= Dewan Abdul Basith =

Bangladeshi lawyer

Dewan Abdul Basith Choudhury (দেওয়ান আবদুল বাছিত চৌধুরী) was a Bangladeshi lawyer, who was legislative leader of the East Pakistan Provincial Assembly and provincial minister of East Pakistan.

== Biography ==
Basith was born on 11 October 1911 in Sylhet District of the Eastern Bengal and Assam, British India, into the family of politician Khan Bahadur Dewan Abdul Hamid Choudhury. After completing his undergraduate studies at the University of Calcutta in 1936, he studied law at the University of Dhaka.

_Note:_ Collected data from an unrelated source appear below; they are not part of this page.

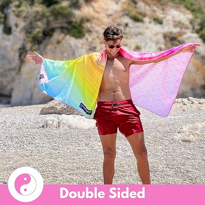 - Own the beach with our stunning 2 sided prints. Microfiber is a thin, ultra absorbent material. Super convenient to pack and carry. Maximize space in your luggage and closet with these compact and lightweight travel towels
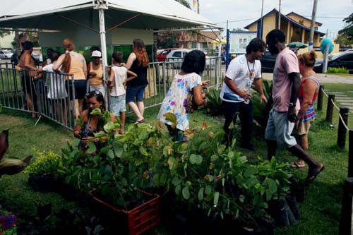 Para complementar as orientações, o funcionário Getúlio Nogueira Silva atendia a todos dando explicações de como fazer o plantio, adubar e regar cada tipo de muda e, ainda, as propriedades terapêuticas da planta, como a carambola, usada para baixar o nível da pressão arterial.
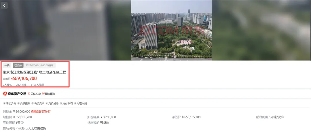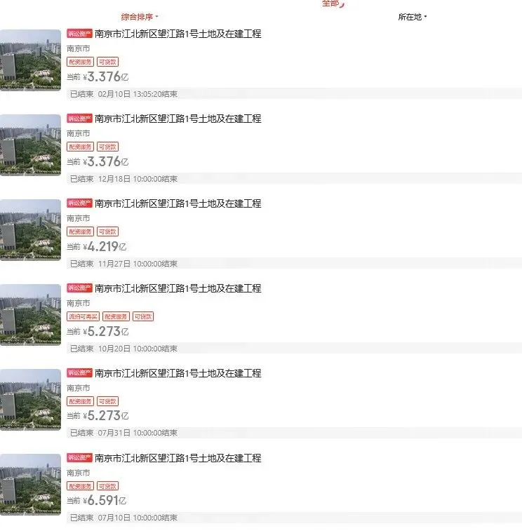 2025年7月,望江路1号土地及在建工程,也就是项目剩余资产首次打包法拍。

In 1937, he was made a member of the South Sylhet Local Board of the Assam Provincial Muslim League (APML), a position he held until 1944. In 1938, he became the organizing secretary of the All India Muslim Students Federation. In his early life, he was active as a member of the APML and led the Moulvibazar Subdivisional Muslim League. In 1940, he was appointed an honorary magistrate by the Assamese government. Three years later, he became the assistant secretary of the APML. The following year, he was elected general secretary of the APML and a councillor of the All-India Muslim League (AIML). He was also elected a member of the Central Legislative Assembly the same year as a party nominee. In 1946, he became a member of the Assam Legislative Assembly. In 1947, during the Sylhet referendum, he served as chairman of the subdivisional referendum committee.

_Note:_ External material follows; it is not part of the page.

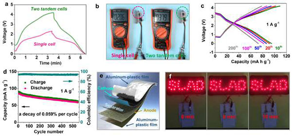 (d)两个电池串联在1 A g-1时的长循环性能;
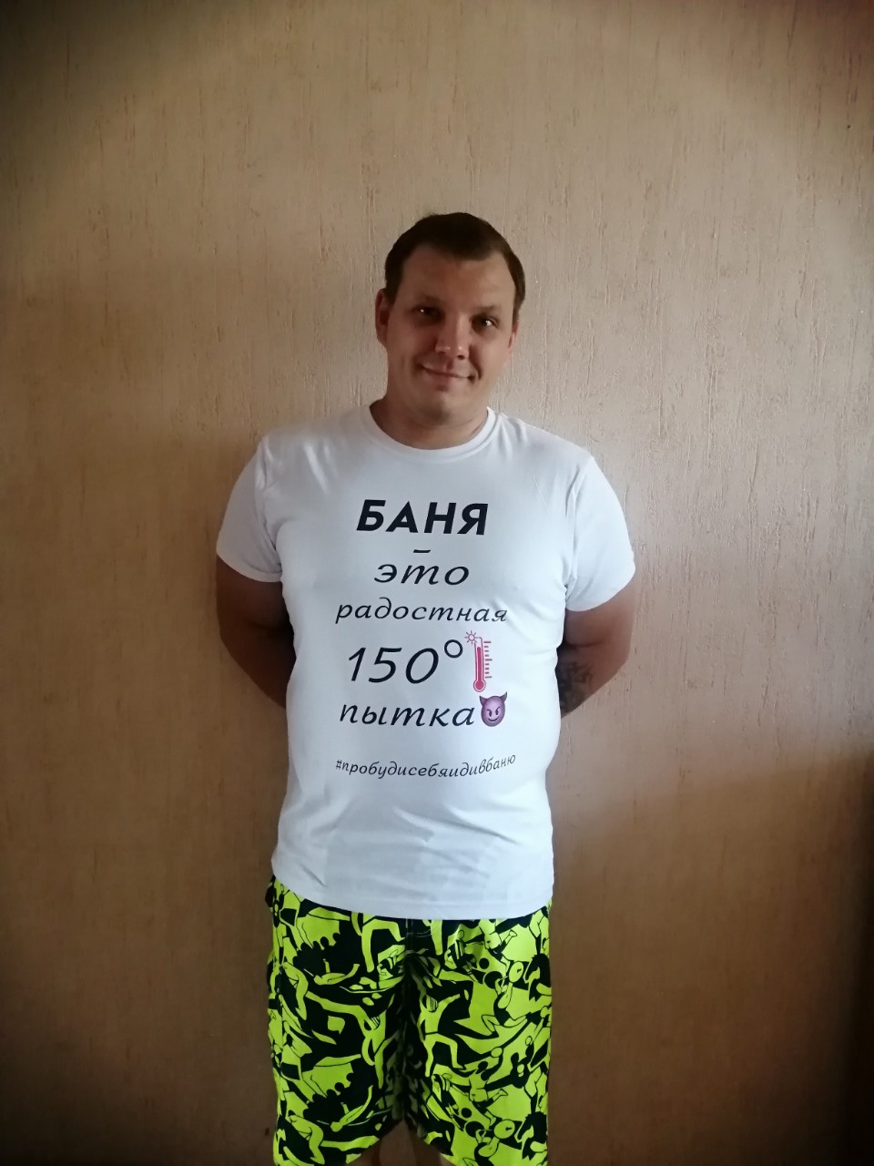 Могу посоветовать в следующий раз поднять повыше блок с графикой на спине майки. Так и виднее будет, и можно будет ее заправлять в брюки не теряя часть надписи.

In the same year, after the independence of Pakistan, he became a member of the East Bengal Legislative Assembly. During this period, he also served as a member of the working committee of the East Pakistan Provincial Muslim League (EPPML) and as a councillor of the Pakistan Muslim League (PML). In 1950, when Muslim refugees from the Indian states of Tripura and Assam took shelter in the Pakistani province of East Bengal, the EPPML formed a relief committee, of which he was the chairman. His tenure as a member of the legislative assembly ended before the 1954 provincial election. In 1965, he was nominated as a member of the central parliamentary board of the Convention Muslim League (PMLC). In the same year, he was appointed Minister of Commerce and Industry of East Pakistan as a member of the Second Monem ministry. He was also made the leader of the East Pakistan Provincial Assembly. In 1971, during the Bangladesh Liberation War, he joined the pro-Pakistani organization East Pakistan Central Peace Committee. Basith died in 1988. His younger son, Dewan Shamim Afzal Chowdhury, is an independent politician.